Perhaps that sounds unnecessarily mean, but installing Linux to grab a free Team Fortress 2 penguin has trampled my spirits. It’s buggy, it’s confusing, it crashes, it’s hard work and I think it hates me. It might be writ large across Valve’s future, but right now Linux is a bitter and buggy pill to swallow. Installing it is like waking up from The Matrix, but instead of meeting Trinity you’re dumped into a forum full of total gobshites. I don’t think I could ever be friends with anybody who chooses to use it. I hate Linux. Sorry.

So here, in just seven easy steps, is how to easily install Ubuntu in order to win a TF2 penguin and then get back out again as quickly as possible. But hold on Steve, I thought you said we were installing Linux? What’s Ubuntu? Well, Ubuntu is one popular distribution (or ‘distro’) of Linux. Just think of a ‘distro’ as a lovely dress, Linux as a naked womanand your PC as an important dinner party at the ambassador’s mansion. Now obviously Linux can’t just turn up with no clothes on, she’d cause quite the scene. So you dress her up in her best dress, or ‘distro’, which I’m told is Ubuntu. Simple. Let’s go.

STEP ONE: Click on the internet until it downloads a thing

Type ‘Ubuntu’ into Google or just click here to head straight to the download page. The easiest installer to use is the ‘Wubi’ installer, which carves out a cosy 30GB niche in your existing hard drive partition, to which Windows can boot after the next restart. Now, from my poking around Linux forums, I’ve learned that Wubi is the worst and most unstable way of experiencing Ubuntu. What you should do is create a partition or install Ubuntu to a USB drive. Only that way are you truly free of the tyranny of Microsoft (and you’ll have enough space to actually install the few Linux-compatible Steam games that exist). But that method is more complicated and I am an idiot. When you restart you’ll have the option to boot to Ubuntu. The taskbar will be in an unlikely position and, if you’re anything like me, that will be terrifically exciting.
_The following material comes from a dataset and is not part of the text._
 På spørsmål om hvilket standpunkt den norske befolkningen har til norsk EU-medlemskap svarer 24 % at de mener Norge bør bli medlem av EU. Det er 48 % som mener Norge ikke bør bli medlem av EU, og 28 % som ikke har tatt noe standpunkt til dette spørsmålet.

STEP TWO: Ignore this request to grant access to ‘00001124-0000-1000-8000-00805f9b34fb’ for device ” (7C:C3:A1:90:29:19)

Just ignore this request to grant access to ‘00001124-0000-1000-8000-00805f9b34fb’ for device ” (7C:C3:A1:90:29:19). It pops up when you first install Ubuntu, but if you click on either ‘Reject’ or ‘Grant’, nothing happens, and eventually it just vanishes of its own volition. Presumably device ” (7C:C3:A1:90:29:19) got what it needed and quietened down. In fact, clicking anywhere on the desktop in the first three minutes after Ubuntu boots yields little to no reaction from the open-source OS. Click on multiple taskbar icons and minutes later they’ll all open at once like a magician’s sleeve exploding. It takes roughly four thousand years for Ubuntu to connect to wi-fi (though, to give it credit, it happily discovered and used my USB wireless dongle without any problems), it doesn’t recognise my bluetooth keyboard, and for some reason it sends my PC’s fans into constant overdrive. As if they are trying to blow away a bad smell. Even worse, if you right click and go into the desktop settings you’ll notice that Ubuntu has no decent screensavers either. Not even scrolling marquee or the one with the 3D pipes.
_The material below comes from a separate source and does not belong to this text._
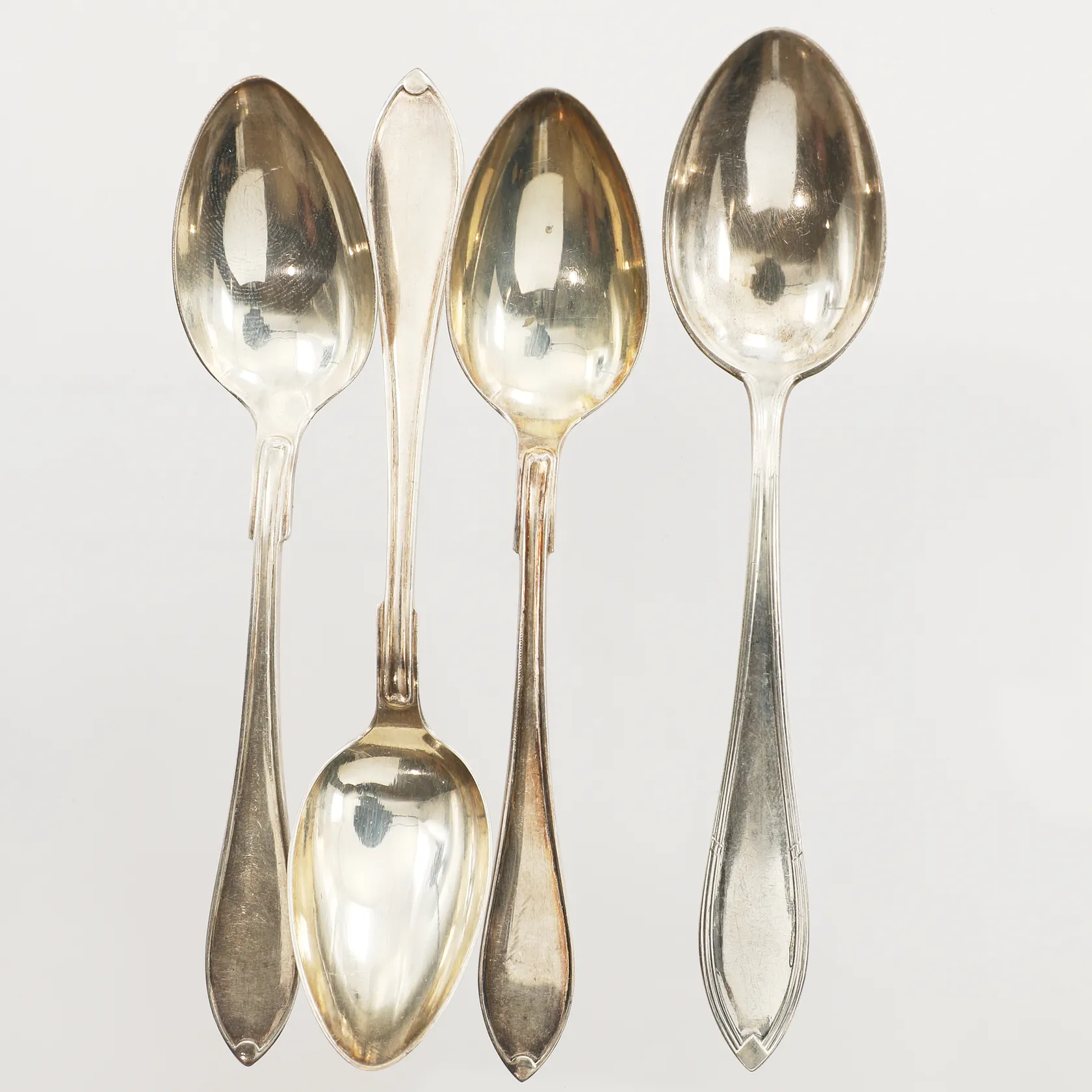 Fyra skedar, gravyr, 830/1000 silver Vikt: 57,4 g.

STEP THREE: Everything crashes all the time and nothing works

The borders around this error window will disappear and, if you’ve followed the steps correctly, something called ‘Compiz’ will stop working. You can send an error report to help fix the problem. Alternatively you can shout an error report out of your bedroom window with much the same effect. Ubuntu comes with its own app store, and after a few moments of staring bleakly into the internet it will report three hundred updates that it would like to install. In my case there were significantly fewer crashes after complying with its request, so I suggest you take the 20 minutes or so to allow the system to update and gather its belongings. Even when fully updated however, I still had a problem installing the 64-bit version of Steam. The package claimed to have “dependency issues”. Just like my ex-wife! Am I right fellas?!
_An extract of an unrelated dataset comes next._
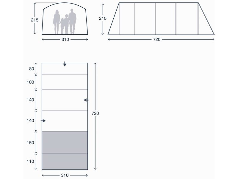 WIDTH 310 LENGTH 720 HEIGHT 215 (CM)

STEP FOUR: Become a hacker just like Hugh Jackman in Swordfish or Dennis Nedry in Jurassic Park when he shuts down the electric fences and lets the velociraptors out

To fix most things in Linux you have to open up the terminal and enter arcane commands: sudo this, sudo that, sudo the other. It’s basically hacking, or magic, and I’ve no idea how it works because I stopped paying attention to how computers function around about the time Windows XP came out. To know what commands you’re supposed to enter you could spend literal months of your life figuring out the secret language of Unix, or you could just google the problem you’re trying to fix. I did, and found a helpful post on the Steam forum describing the solution in terms I’m almost able to understand. This solution should also work for you if you’re having trouble installing 64-bit Steam on Ubuntu.

“For whatever reason, by default Ubuntu doesn’t look for i386 (aka 32-bit) packages. Which means when “steam64” looks for the “steam” package, it doesn’t find it and it defaults to the closest match… which is itself. This can fixed in a terminal window (ctrl-alt-t) with this command:
sudo dpkg –add-architecture i386; sudo apt-get update
exit”

Simple stuff. Sudo the hell out of that dpkg, restart the software centre and install Steam. It takes a little while to download and update, so why not poke around Ubuntu until it’s ready?


STEP FOUR: Consider purchasing trousers

You can type the names of applications into Ubuntu’s equivalent of a Start Menu to search for and launch various applications. For some curious reason, Ubuntu also returns results from Amazon.co.uk in this window. In the image above, I’d typed ‘scree’ to find the screenshot application and came across some Marmot Men’s Scree Short Softshell Pants for £85. These trousers appear every time I take a screenshot, so I began to wonder if they were any good. Well the Amazon reviews for the trousers are largely positive, with one happy customer reporting:

“I finally got my husband out of the ratty elastic waist pants he wore everywhere. He loves these pants and now has 3 pair. They look good enough to wear to almost anything and will last forever.”

Useful feature, and quality trousers.


STEP FIVE: Play some Mines

Features just as many mines as the leading brand.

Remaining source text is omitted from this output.